▶ ENTRIES PROVIDED
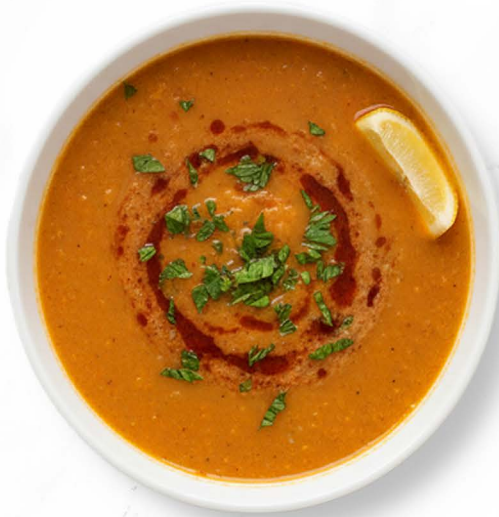
10. Mercimek (A, G) Linsensuppe
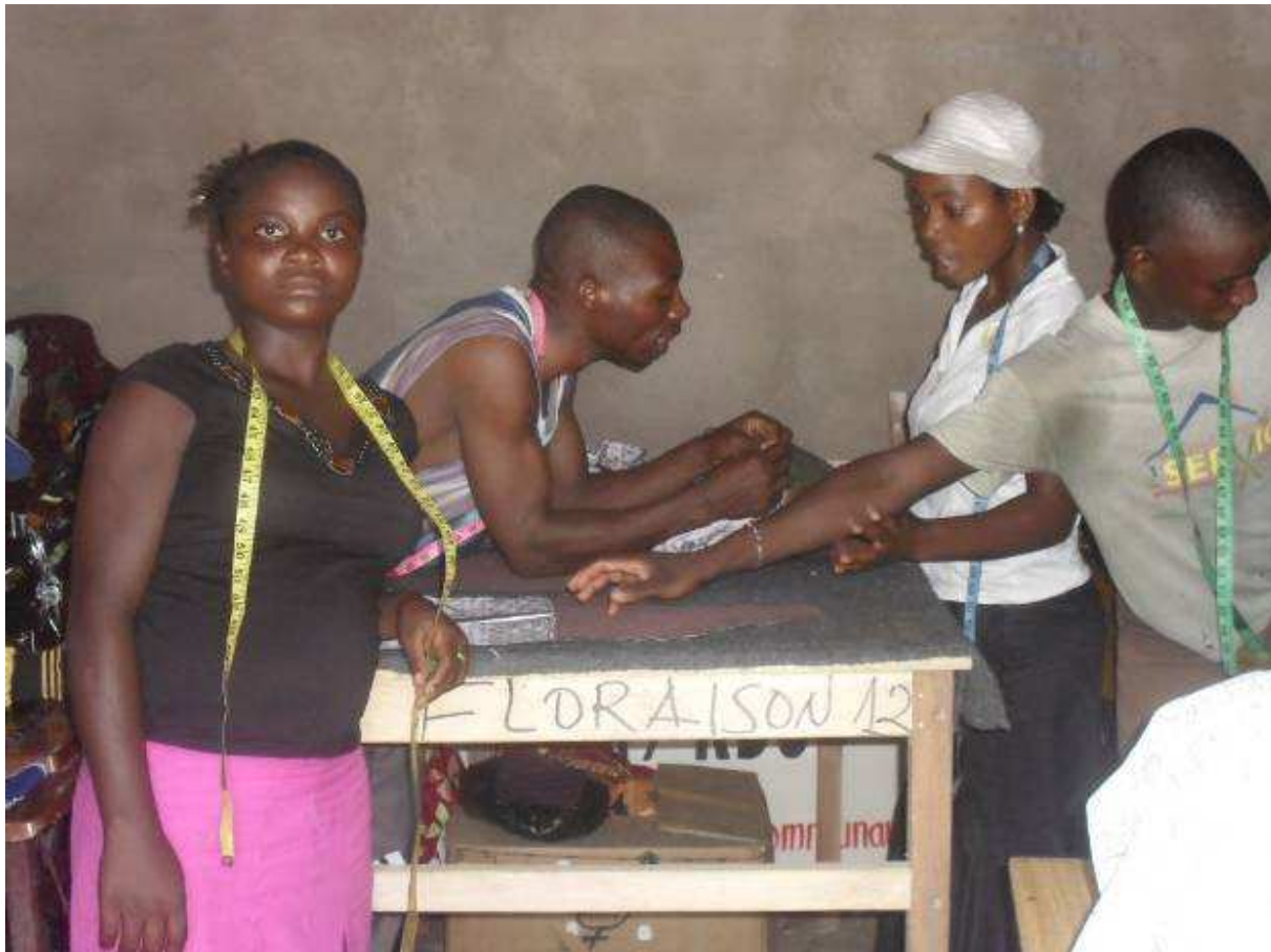
Filles-mères et enfants ex-combattants démobilisés apprenant le métier de la coupe et couture au centre de formation professionnelles des jeunes ouvert par La Floraison à Baraka et à Fizi centre.
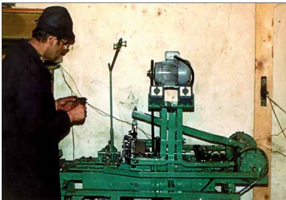
V delavnici v Sorici je skonstruiral več strojev.
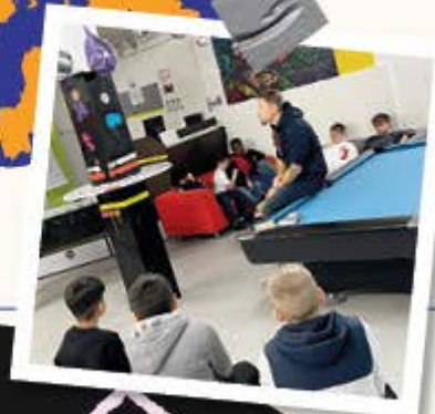
Neugier wecken, Vertrauen aufbauen - Schulbesuch der ersten Klassen
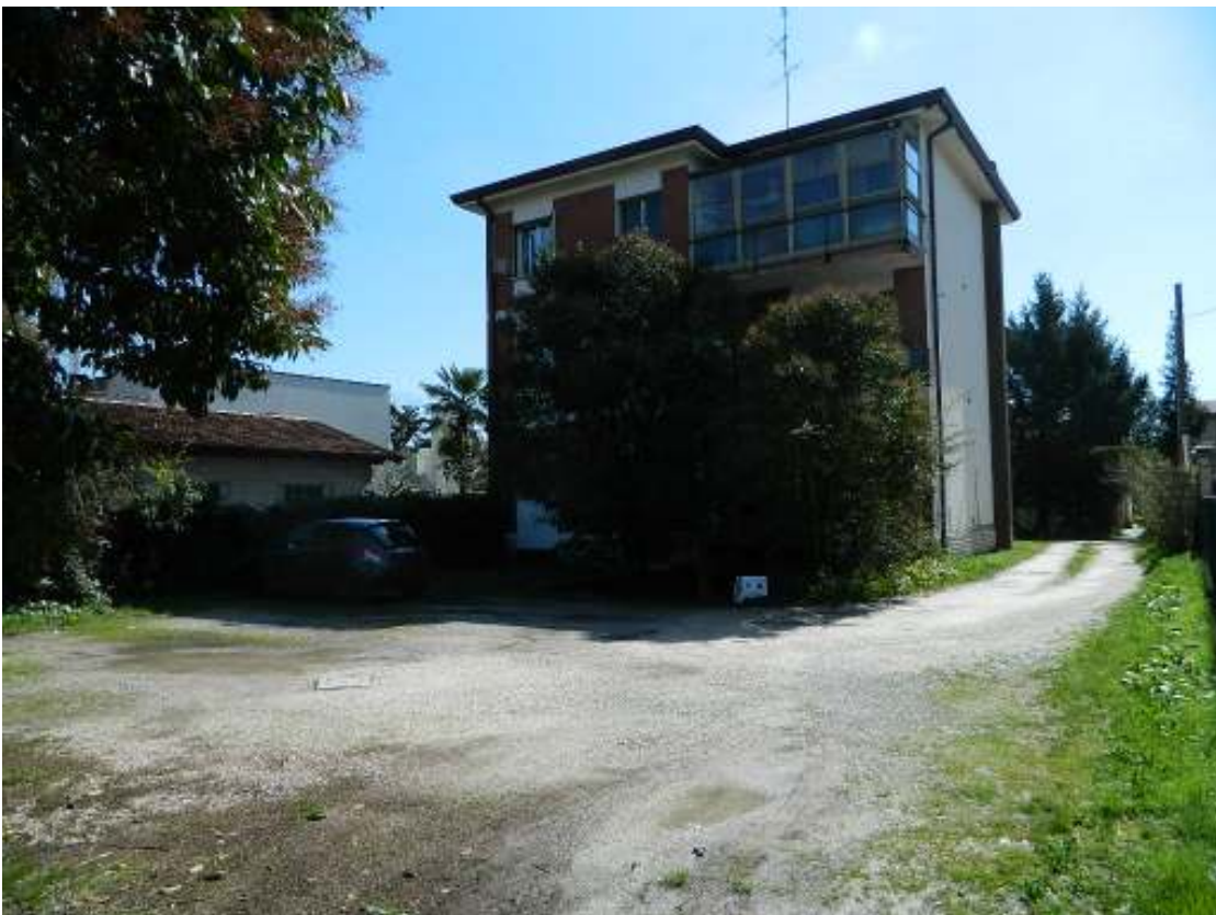
Foto n. 4 – Appartamento al piano secondo, oggetto di esecuzione.

▶ EXERCISE INSTRUCTIONS
Before you finish, make sure every line above has been repeated exactly and no picture remains in the copy.

▶ SOLUTION FOR THIS PROBLEM
10. Mercimek (A, G) Linsensuppe
Filles-mères et enfants ex-combattants démobilisés apprenant le métier de la coupe et couture au centre de formation professionnelles des jeunes ouvert par La Floraison à Baraka et à Fizi centre.
V delavnici v Sorici je skonstruiral več strojev.
Neugier wecken, Vertrauen aufbauen - Schulbesuch der ersten Klassen
Foto n. 4 – Appartamento al piano secondo, oggetto di esecuzione.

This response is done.